# Zero section of quasi-coherent bundle

Let $$S$$ be a scheme and let $$\mathcal{E}$$ be a quasi-coherent $$\mathcal{O}_S$$-module. Then we can construct a graded quasi-coherent $$\mathcal{O}_S$$-algebra $$\mathscr{A}:= Sym(\mathcal{E})$$ and define the quasi-coherent bundle $$\mathbb{V}(\mathcal{E}) := Spec(Sym(\mathcal{E}))$$. we set $$Sym_0(\mathcal{E}):= \mathcal{O}_S$$ the $$0$$-degree elements and denote $$f: \mathbb{V}(\mathcal{E}) \to S$$ the structure morphism.

It's easy to show that $$\mathbb{V}(\mathcal{E})$$ represents the functor $$F:(Sch/S) \to (Set), (h:T \to S) \mapsto \Gamma(T, h^* \mathcal{E}^{\vee})$$.
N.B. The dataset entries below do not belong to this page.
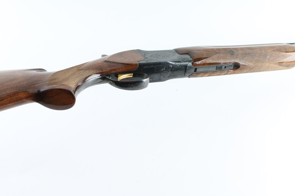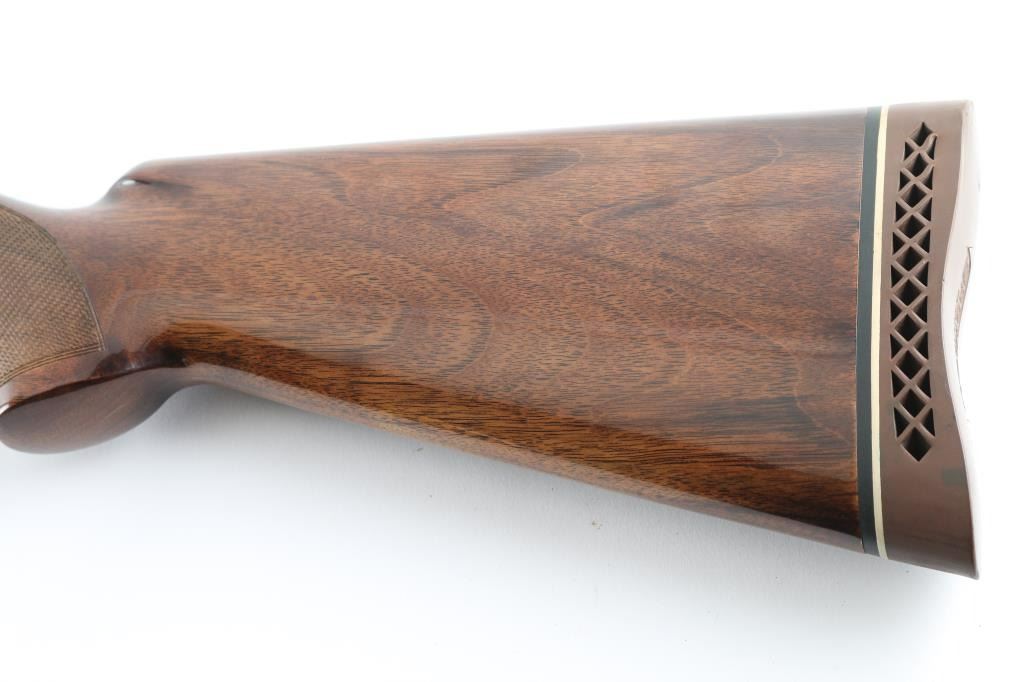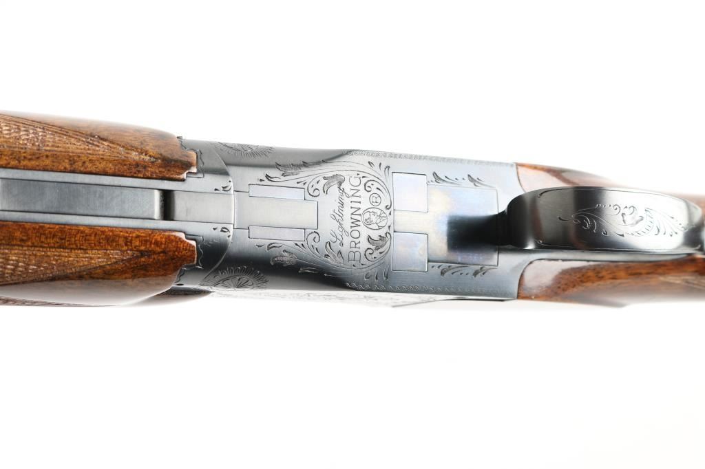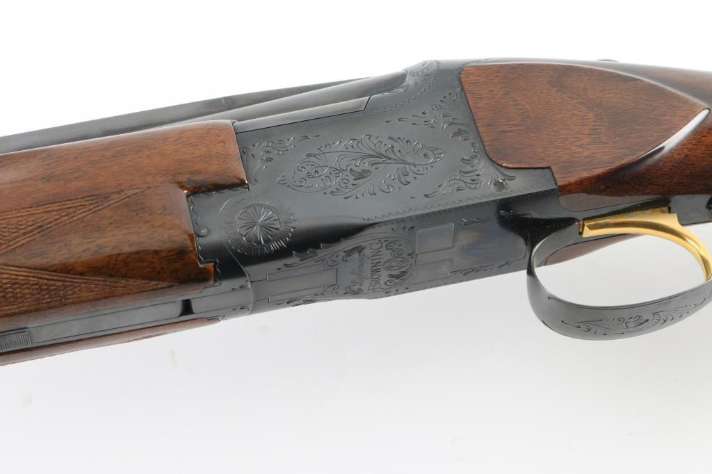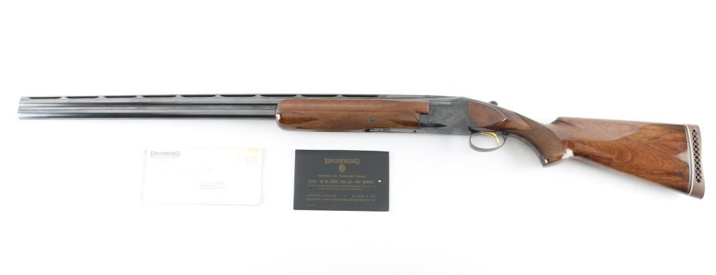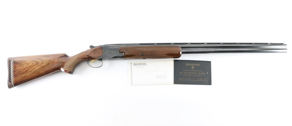 SN: 11720S3 Belgian Over / Under shotgun imported by Browning Arms Co, St Louis MO, circa 1963. Takes 2-3/4" shells. Features blued finish, gloss urethane type finish walnut stock and forend, ventilated rubber recoil pad, slightly domed bottomed pistol grip, checkered panels at wrist & forend, 32" fixed choke barrels (Full/Mod) with extra wide "Broadway" ventilated rib, single selective inertia trigger, manual safety/selector at tang, selective ejection, white polymer Bradley front & small white polymer mid bead. Action displays limited scroll motif engraving. Wood is a medium color similar to a Claro or Black walnut, with "V" shaped grain pattern on show side. Stock measurements: 14-1/4" Length of Pull, 1-3/8" Drop at Comb, 1-3/4" Drop at Heel. Bores are very good condition. Retains 98% deep blue, with slight edge losses, slight rubbing wear to receiver where tang safety rubs. Gold accent trigger is very good, slight loss from rubbing wear. Wood is excellent overall with minor blemishes. Includes factory paperwork and correspondence. Condition is NRA Excellent *** C&R Firearm ***
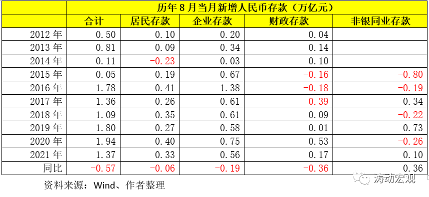 2、受房地產管控力度持續加強影響,以個人按揭貸款為主的居民中長期貸款依然偏弱。今年8月居民中長期貸款新增0.43萬億,創2016年以來歷年8月新低,同比少增0.13萬億。我們看到,今年7月和8月的當月新居民中長期貸款均創2016年以來新低,表明房地產政策在7-8月的影響有強化態勢。
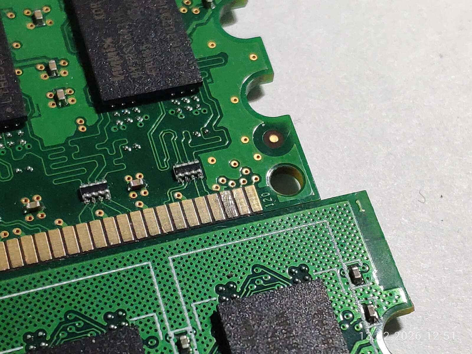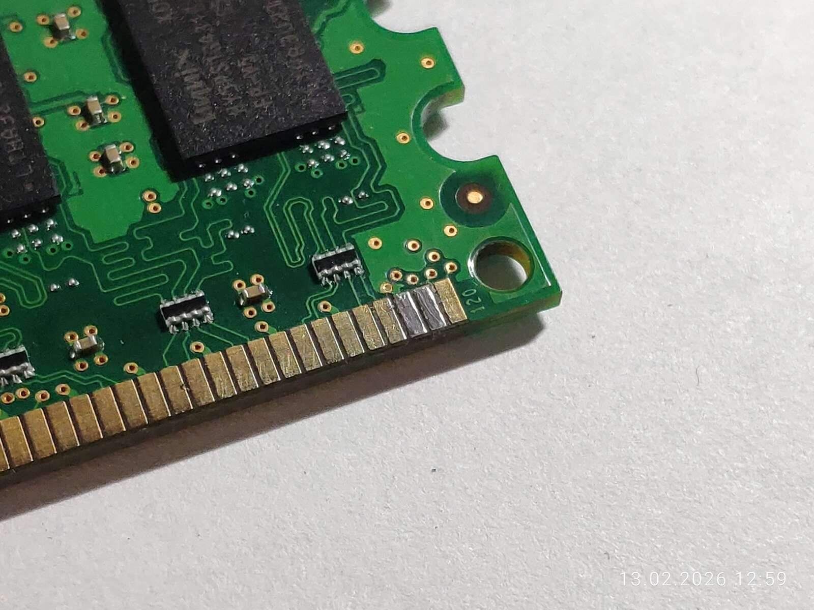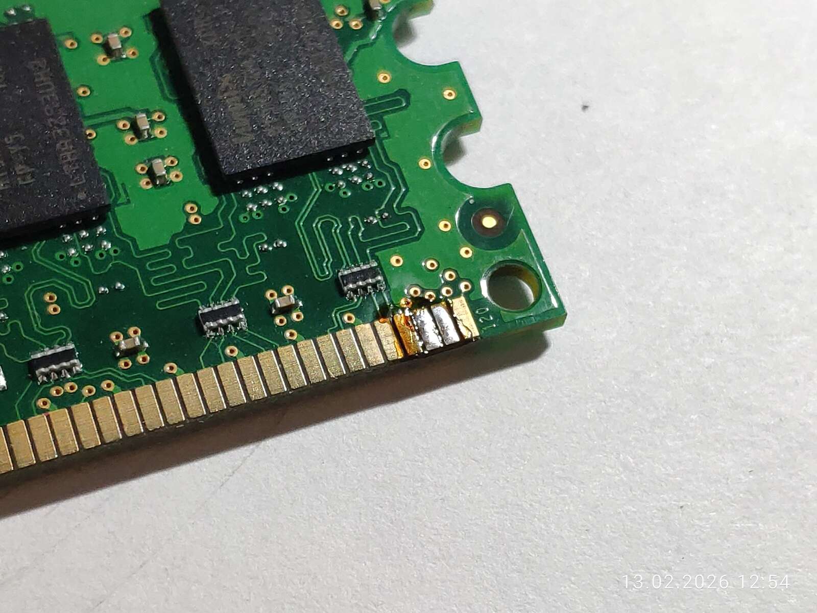 Модули на 2 гигабайта от Memory Power и Hynix. Модуль Hynix имеет одну повреждённую пятку. Изначально она была окисленной. Это вполне может повлиять на стабильность работы. Потому применяю проверенный метод восстановления с помощью припоя для пайки.
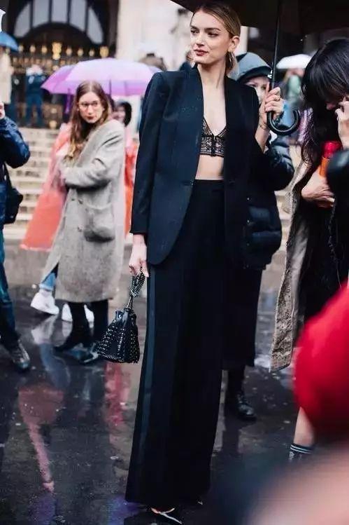 Lily Donaldson这套基本款黑色西服,因为露出的肌肤而变得更加性感迷人。
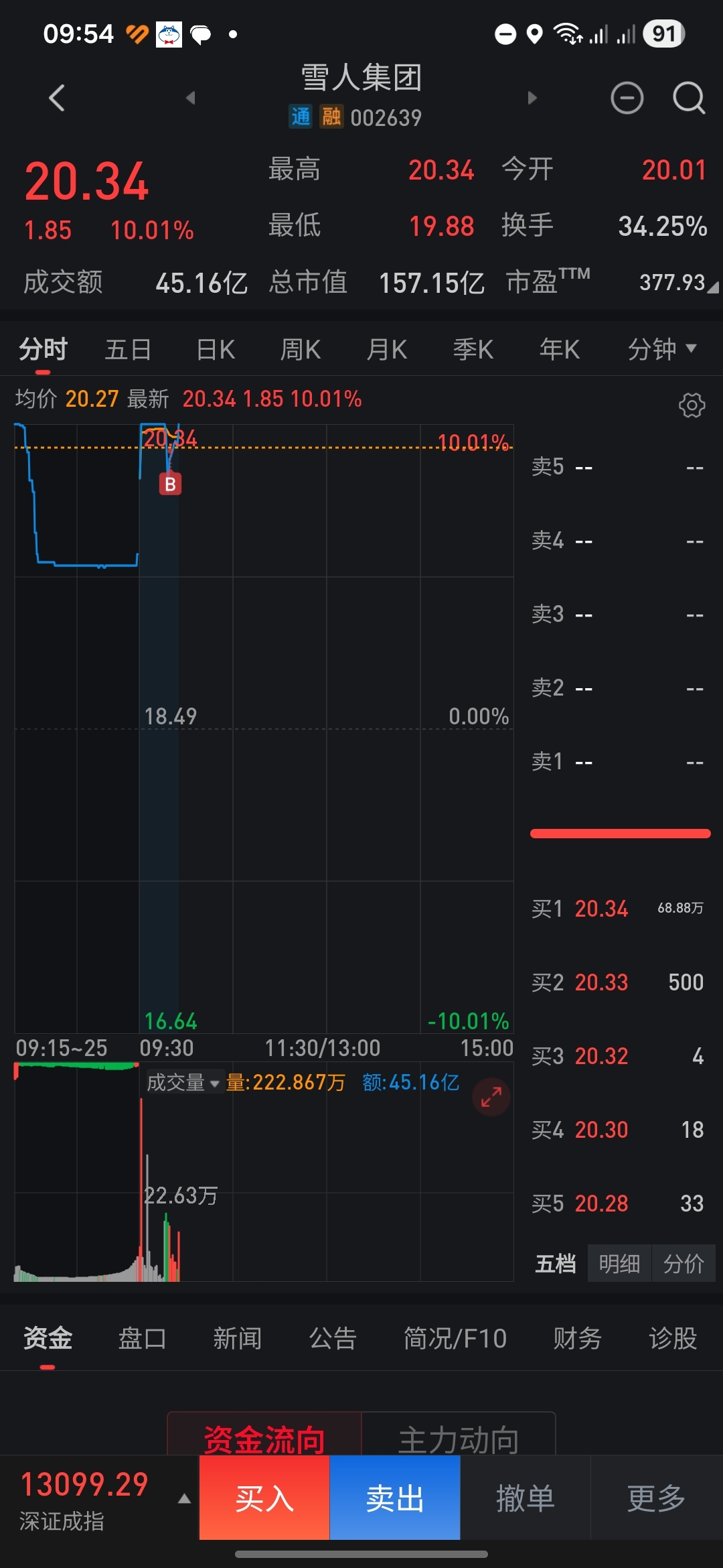 $雪人集团(SZ002639)$ 今天开的高,这个位置炸板补量而已
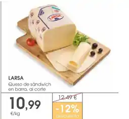 | LARSA Queso de sandwich en barra, al corte 1 kg | Supermercados Plaza | 12,49 € | 10,99 € | -12% descuento | 10 abril 2026 | 22 abril 2026 | |
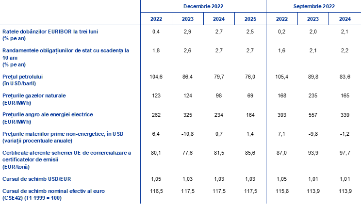 Comparativ cu proiecțiile experților BCE din luna septembrie 2022, ipotezele tehnice includ rate ale dobânzilor mai ridicate, o scădere a prețurilor petrolului, prețuri angro semnificativ mai reduse ale gazelor naturale și ale energiei electrice, precum și o apreciere a euro. Ipotezele tehnice referitoare la ratele dobânzilor și la prețurile materiilor prime se bazează pe anticipațiile pieței, data-limită pentru includerea ultimelor informații fiind 23 noiembrie 2022. Ratele dobânzilor pe termen scurt se referă la EURIBOR la trei luni, anticipațiile pieței fiind derivate din ratele dobânzilor futures. Conform acestei metodologii, ratele dobânzilor pe termen scurt se vor situa, în medie, la 0,4% în 2022, la 2,9% în 2023, la 2,7% în 2024 și la 2,5% în 2025. Anticipațiile pieței cu privire la randamentele nominale ale obligațiunilor de stat cu scadența la 10 ani din zona euro presupun un nivel mediu anual de 1,8% pentru anul 2022, care va crește progresiv pe parcursul orizontului de proiecție până la 2,7% în 2025.[4] Comparativ cu proiecțiile din luna septembrie 2022, anticipațiile pieței privind ratele dobânzilor pe termen scurt au fost revizuite în sens ascendent cu circa 20, 90 și 60 puncte de bază pentru 2022, 2023 și, respectiv, 2024, pe seama așteptărilor referitoare la o retragere mai rapidă a stimulului monetar. Aceasta a condus, de asemenea, la o revizuire în sens ascendent a randamentelor obligațiunilor de stat pe termen lung, cu circa 20-50 puncte de bază, pe parcursul orizontului de proiecție.

this is the consequence of identifications $$Hom_S(T,\mathbb{V}(\mathcal{E})) = Hom_{(\mathcal{O}_S -Alg)}(Sym(\mathcal{E}), h_* \mathcal{O}_T)=Hom_{\mathcal{O}_S}(\mathcal{E}, h_* \mathcal{O}_T)=Hom_{\mathcal{O}_T}(h^*\mathcal{E}, \mathcal{O}_T)=\Gamma(T, h^* \mathcal{E}^{\vee})$$

the zero element $$0 \in \Gamma(T, h^* \mathcal{E}^{\vee})$$ corresponds via identifications above to zero section $$i: S \to \mathbb{V}(\mathcal{E})$$, i.e. $$f \circ i= id_S$$ (section property). going through the identifications it's easy to see that the zero section is induced by augmentation homomorphism $$Sym(\mathcal{E}) \to Sym(\mathcal{E})/Sym(\mathcal{E})_+ = \mathcal{O}_S$$ simply by "killing" the elements of grades $$\ge 1$$. this implies that the zero section $$i$$ is a closed immersion.

$$C:=\mathbb{V}(\mathcal{E})$$ is also called the "cone". we can "remove" the image of the zero section and obtain $$C^0:= C \backslash i(S)$$.

The structure morphism $$f: C \to S$$ corresponds once more by our identifications to $$id_C$$ and a homomorphism

$$u: f^*\mathcal{E} \to \mathcal{O}_C$$

of $$\mathcal{O}_C$$-modules.

Q: why is $$C^0$$ is exacly the locus, where $$u$$ is surjective? i.e. why $$C^0= C \backslash (Coker(u))$$ or equivalently $$i(S) =Supp(Coker(u))$$?

recall: $$u$$ is surjective at $$c \in C$$ if and only if $$u_c: (f^*\mathcal{E})_c \to \mathcal{O}_{C,c}$$ is surjective homomorphism of $$\mathcal{O}_{C,c}$$-modules.

P.S. 1) all previously used notations & definitions are from Görtz' and Wedhorn's Algebraic Geometry.

P.S. 2) I have already tried to ask similar question at MSE without succeeding in solving the problem.